As Markus commented, you want to look at flattening your arrays, as traditional 2D or 3D arrays will be very slow in CUDA. Here is a similar thread about 4D storage:


You could also use one of the CUDA built-in structures, like int3, float3, etc.

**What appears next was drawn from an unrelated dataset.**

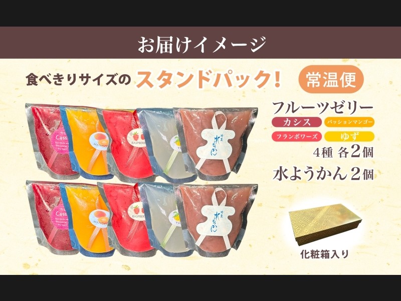 サイズ: 5種各2個(フルーツゼリー4種+水ようかん)化粧箱入り

See also the last response in: http://stackoverflow.com/questions/7322810/3d-array-representation-cuda

I went with flattening a 3D array. Unfortunately, my calculation via GPU is very, very slow compared to the CPU. The GPU takes about ~2.8 seconds to complete the calculation. The CPU (3770K 4.6ghz 8-threads using OpenMP) takes ~0.75 seconds. This isn’t the final calculation I’m looking for, but it would be similar, and looped over and over again. I have no idea what to do with “number of blocks” and “number of threads per block” right now. I’ve been trying all different combinations (complete guesses to be honest) but it’s not doing much for calculation time.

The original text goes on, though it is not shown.